I hesitated, then stepped forward and took the cloth from him. Relief flooded through me at its cool touch. I had feared that, in my fever, I had left it behind in the crib.

“Pietro found it tucked inside your shirt when we brought you here three nights ago. I fear we had to burn your other clothes. But not this.” His amber eyes locked on me. “It was without stain or rent.”

“My mother gave it to me.”

He nodded, then turned his gaze to the fire, as if this were all he had required of me. I stood silently, until I could bear it no longer.

“Why have your brought me here, Master?” I blurted out.

“Can you read?” He did not take his gaze from the fire.

I frowned, puzzled by this question. “A little. My mother taught me some words when I was very young.”

“Good. Then you shall read, James. You shall begin on the morrow. Pietro will help you.”

There was so much more I wished to ask him, but he seemed lost in thought, staring at the fire, then Pietro was there. Gently but firmly he led me from the library. He took me to the kitchen for supper, and eating temporarily quelled my curiosity, but it flared again as soon as Pietro guided me back to my chamber.

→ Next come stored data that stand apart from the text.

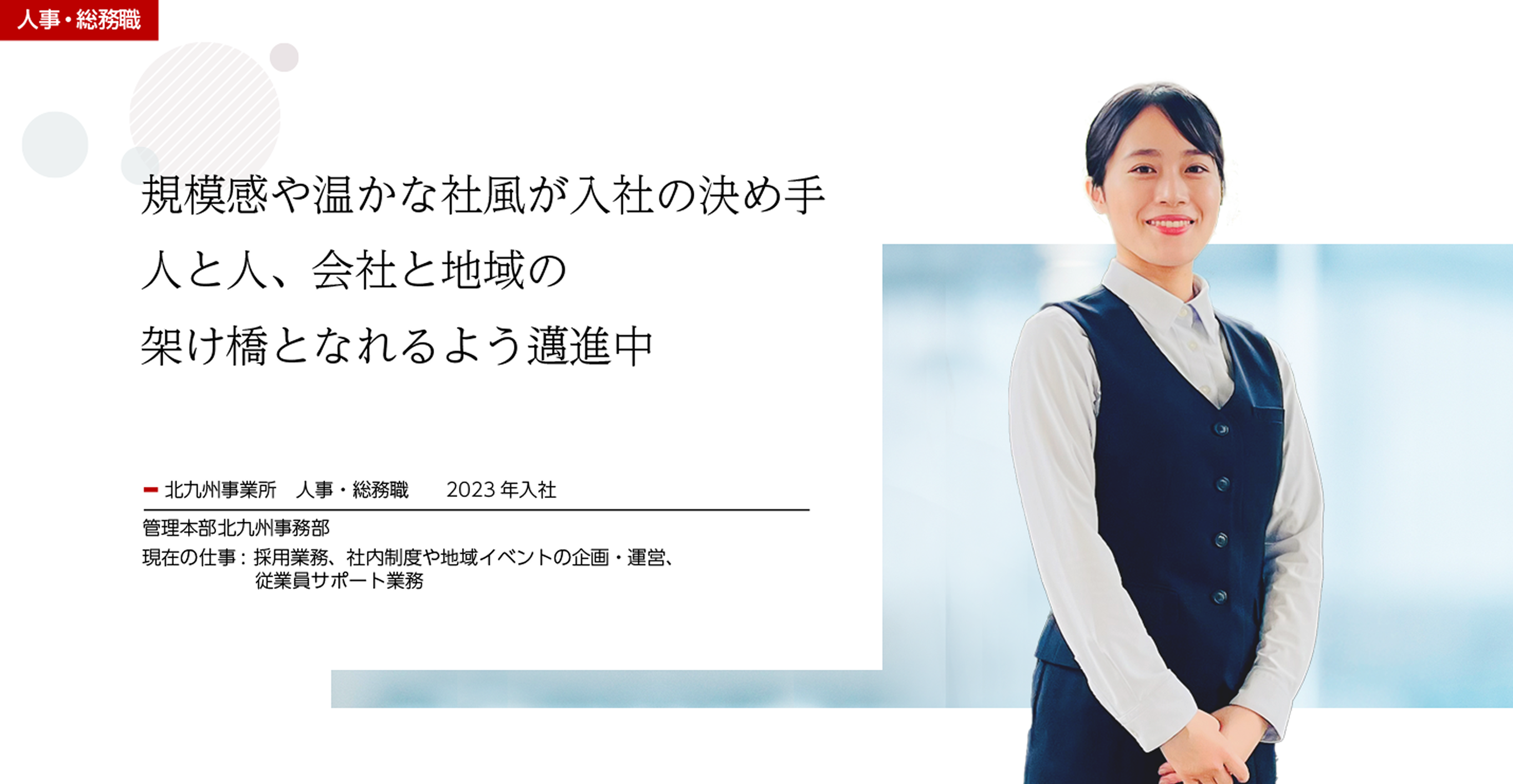 現在は北九州事業所で、総務、人事、広報業務を担当。出張をはじめとした各種申請書の受付・チェック、社内制度の事務局、来客対応といった日常業務に加え、派遣社員の職場見学や高卒採用業務にも携わっています。入社当初は電話応対も緊張の連続でしたが、3年目の今では社内の問い合わせにしっかり応えられるようになり、感謝の言葉をもらえるとやりがいを感じられるようになりました。上司が不在のときに一人で任される業務も増え、成長を実感しています。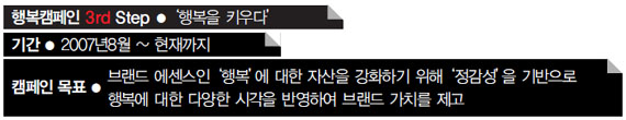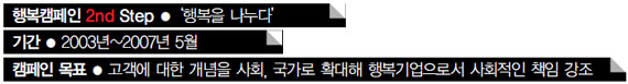 이 시기 소비자들은 고객 행복에 대해 인식하기 시작했기에 SK그룹은 행복에 대한 가치를 확대할 필요가 있었다. 따라서 행복의 대상, 고객을 소비자로 한정 짓는 것이 아닌, 사회와 국가로 확대해 기업의 사회적인 책임을 강조하기 시작했다. 그러면서 캠페인의 소재들 또한 다양해졌고, ‘농어촌인터넷자원봉사’,‘ 불우어린이공부방’,‘ 인형극자원봉사’등SK그룹의다양한사회공헌 활동들이 실제 광고 소재로 활용됐다.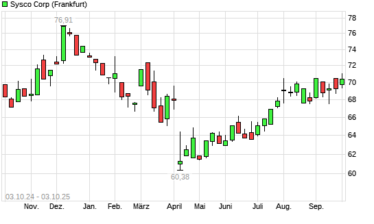 Mit dem Anstieg auf 70,99 EUR hat die Sysco-Aktie (ISIN US8718291078) am 02.10.2025 ein neues 6-Monats-Hoch erreicht und damit den Kurs vom 29.09.2025 eingestellt.

“Why does he want me to read, Pietro?” I asked as he helped me off with my coat.

“In this modern time, all fine young lords are expected to be well-read,” the gray-haired servant said.

However, that only raised new questions—I was no young lord—and after Pietro left, as I lay in the bed, I was certain there was something more to the master’s command. There had to be.

“If he wishes me to read,” I said aloud to the darkness, “then I shall read every book in the library.”

That was easier said than done. My mother’s teachings did not carry me so far as I had thought they would. I knew my letters, and while I could read simple sentences, the books in the manor’s library were filled with long and arcane words that were beyond my ability to pronounce, let alone comprehend. What was more, I could not write at all, not even my own name.

Pietro became my teacher. In the mornings, we sat in the drawing room off the manor’s vast main hall, or on fine days outside at a stone table in the garden. We drank tea, brought to us by one of the other household servants. I had never had tea before, and I liked it so much I soon forgot my cravings for whiskey.

My reading began with an English translation of Virgil, a poet who lived in the great city of Rome a long time ago. Pietro admired him, being from Italy himself, as he informed me.